Он сунул ладонь ему под сутану, желая убедиться в том, что сердце бьется. Затем быстро следующими одно за другим, непроизвольными, если можно так выразиться, движениями коснулся сначала его лба, потом глаз и, наконец, губ. Проделав все это, он снова взял его руки в свои и стал согревать дыханием. Каждое его движение выдавало какую-то лихорадочную поспешность, торопливость мастерового, которому не терпится кончить тонкую художественную работу и который боится, что не управится до рассвета или что ему помешает не ко времени случившийся гость. Вдруг он спрятал руки в складках одежды у себя на груди, задрожал крупной дрожью, как если бы медленно опускался в глубокую ледяную воду, и проворно вскочил на ноги.

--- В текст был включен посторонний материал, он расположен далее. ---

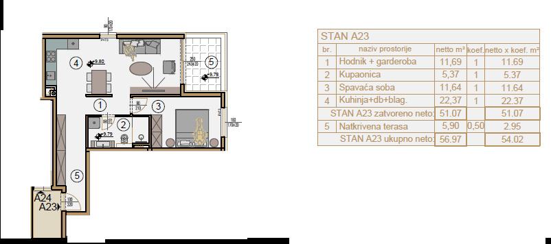 Stan ukupne površine 54,02 m² sastoji se od ulaznog hodnika s garderobnim prostorom, otvorenog koncepta kuhinje, dnevnog boravka i blagovaonice, spavaće sobe te moderne kupaonice. Posebnu vrijednost daje natkrivena terasa, idealna za boravak tijekom cijele godine. Stanu pripada i garažno mjesto smješteno u podzemnoj etaži zgrade.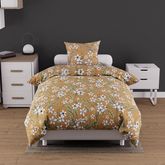 Linge de lit imprimé en pur coton pour lit 2 personnes. Qualité supérieure, tissage serré. Couleur: - Camel. Composition: - 100 % coton 57 fils/cm2. Parure de lit: 1 housse de couette avec rabat de 40 cm et 2 taies d'oreiller dessin placé 63x63 cm. Entretien: - Entretien facile - Lavage 40° en machine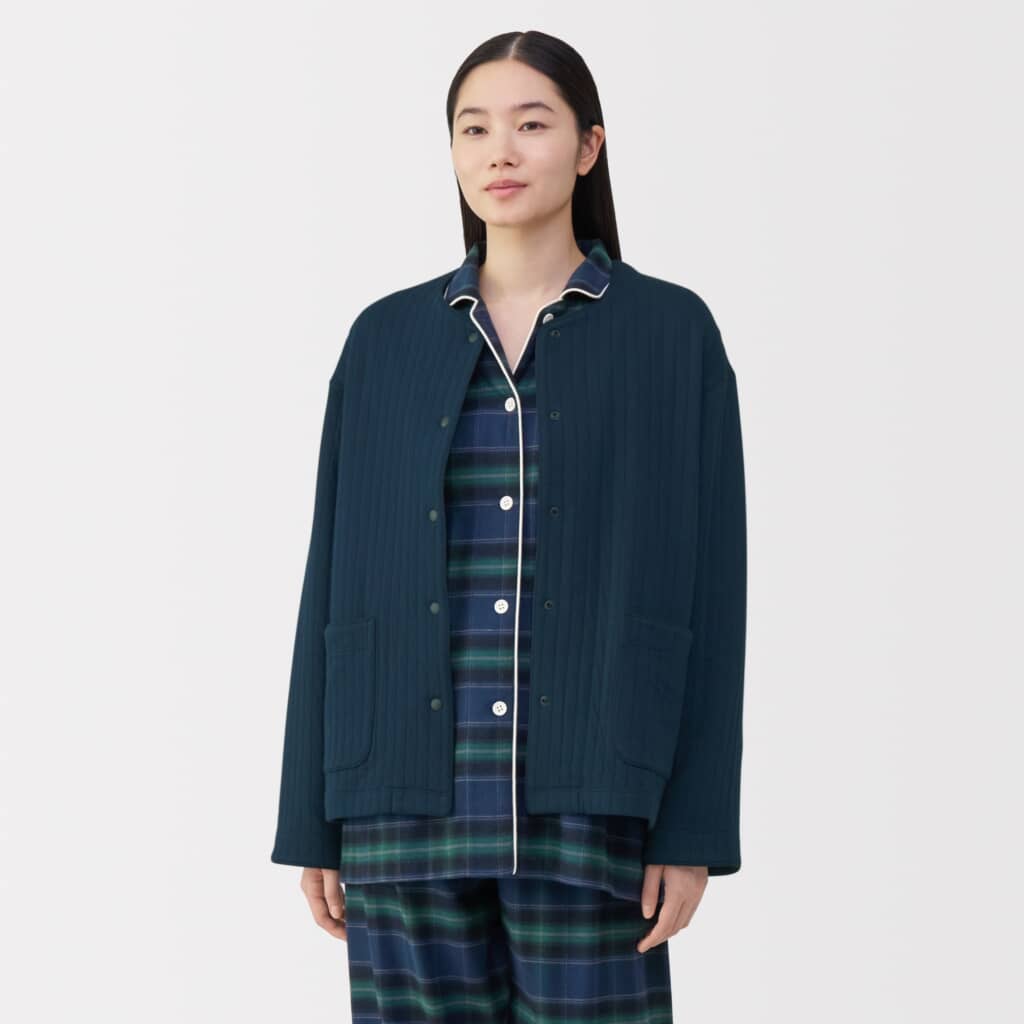 無印良品の「婦人 コットン混キルト カーディガン」(税込3990円)は、綿とポリエステルを組み合わせたコットン混素材に中わたを挟み、縦方向のキルティングを施した、ルームウェア感覚で羽織れるカーディガンです。綿にはオーガニックコットンを使用しており、やわらかなカットソー生地にふくらみのある構造を持たせることで、やや厚めながら軽さとあたたかさを両立しているのが特徴です。ノーカラーのすっきりした首元に、前立てや袖口、衿ぐりのパイピングがさりげないアクセントとなり、パジャマやルームウェアの上に羽織っても部屋着っぽく見えにくいデザインに仕上がっています。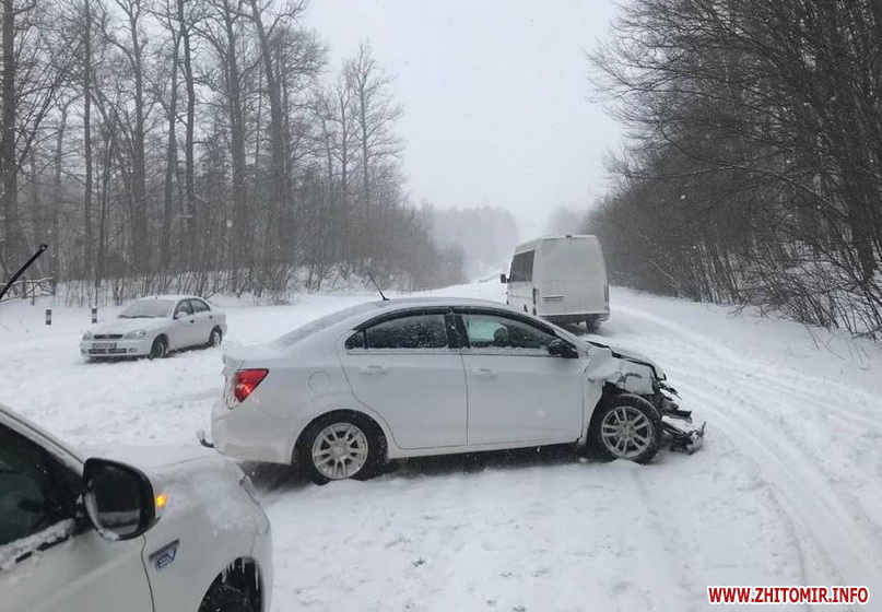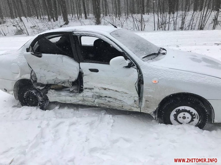 На 22 км автодороги Житомир-Чернівці, поблизу с. Денишів Житомирського району 8 лютого зіштовхнулись Daewoo Lanos та Chevrolet. Травмувались жінка з півторарічним сином.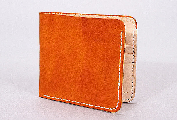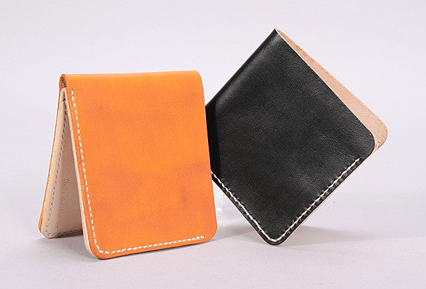 This is handcraft handmade vintage orange?black modern slim natural Italian Vegetable Tanned leather?billfold? wallet for men.The wallet is bifold,color is orange ,black.There are 1?full size bill slot/holder,4 ID/credit card slots/holders~Hand-made in the traditional method with punched holes and saddle stitching by hand.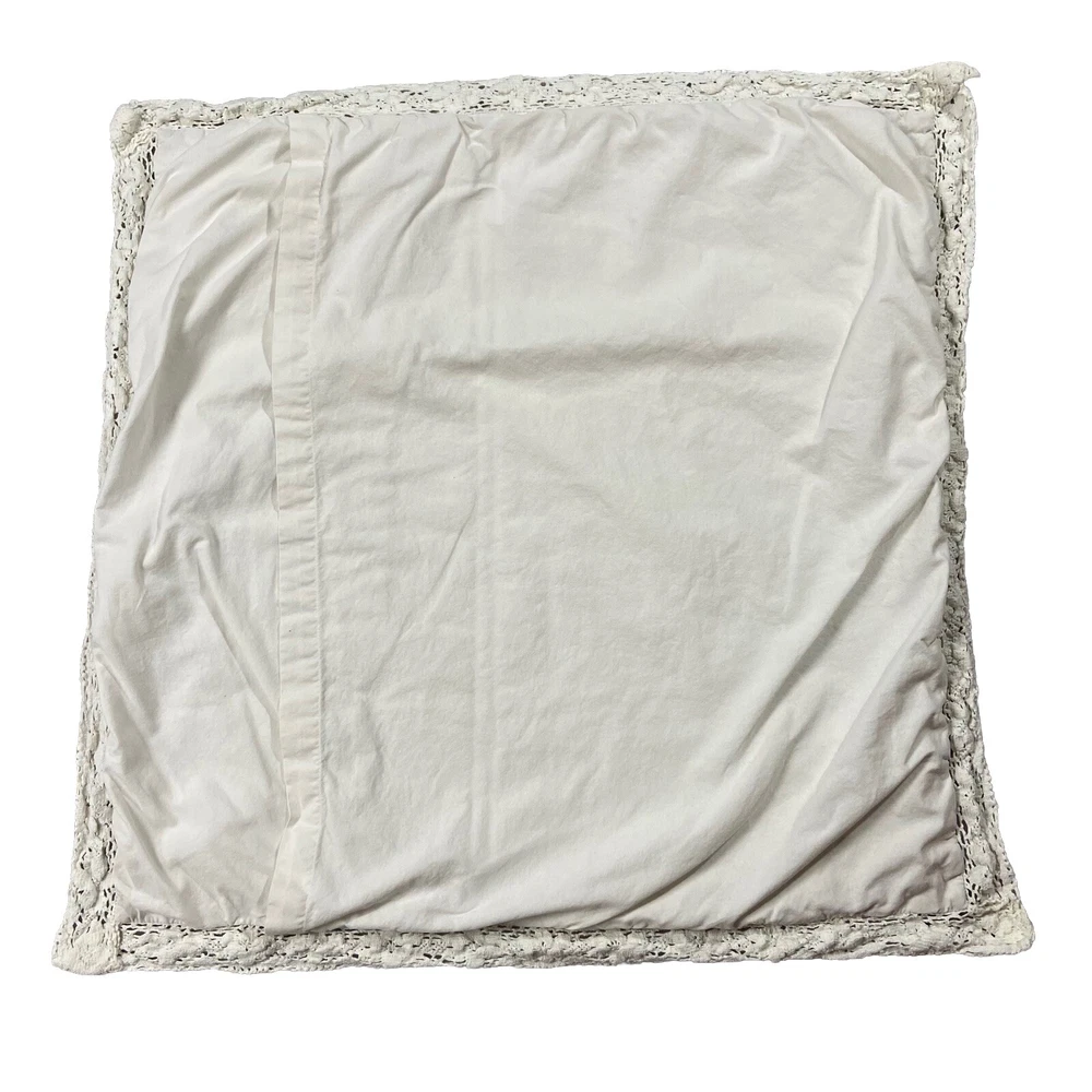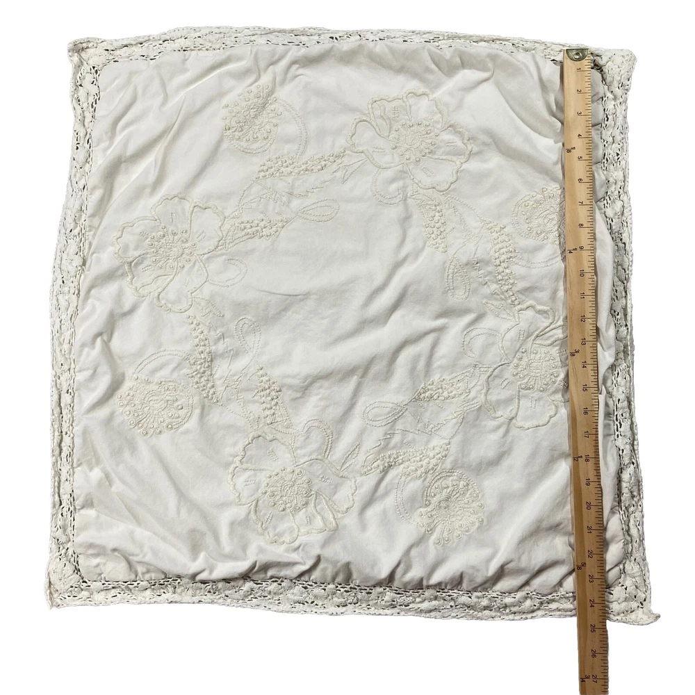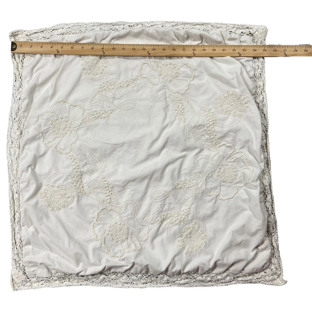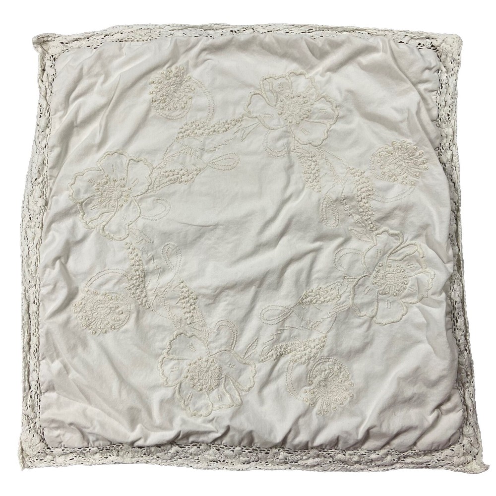 Pottery Barn Square Embroidered Pillow Cover Features a lace, trim detail around the perimeter of the pillow Beautiful ivory on ivory floral embroidery Has an envelope back closure Romantic shabby-chic style This pillow case has been well loved and is in good condition; there's some minor pilling on some of the embroidery. It's been laundered so many times the material tag no longer has print so unfortunately I don't have info on the materials this pillow cover is made of. Please note this listing is just for the pillow cover and does not include a pillow insert.

— Холод мне нипочем, — проговорил он. — Мне не страшен ни зной, ни стужа. Но даже мне удивительно видеть, как вы сидите в промерзшей грязи и не шелохнетесь. Диву даюсь. Как только вы еще не закоченели… И то сказать, немало пришлось вам поколесить по дороге, дружище… А я, признаться, так совсем продрог. Мне всегда холодно. Уж поверьте, от меня не всякий это услышит… Но это так… Я есьм холод, сущность моего света есть нестерпимый холод… Но оставим это — вы видите перед собой бедного человека со всеми достоинствами и недостатками, присущими людям его круга… посредника по торговле нормандскими и бретонскими клячами… барышника, как у них принято говорить… Но и об этом довольно! Думайте только о том, что рядом с вами друг, спутник в безлунную ночь, добрый товарищ… Нет, нет, никаких вопросов! Не надейтесь многое выведать у меня об этой нечаянной встрече. Я хочу лишь услужить вам и чтобы вы меня тотчас забыли. Но я-то вас не забуду: ваши руки причинили мне жестокую боль… И лоб ваш, и глаза, и губы… Мне ни за что не отогреть их — от них оледенел мой мозг, промерзли мои кости. Причина тут, верно, в вашем елее, в ваших треклятых священных мазях, во всей этой вашей ворожбе. Но довольно… отпустите меня! Мне идти да идти, и у меня есть еще силы. Расстанемся здесь и пойдем каждый своей дорогой.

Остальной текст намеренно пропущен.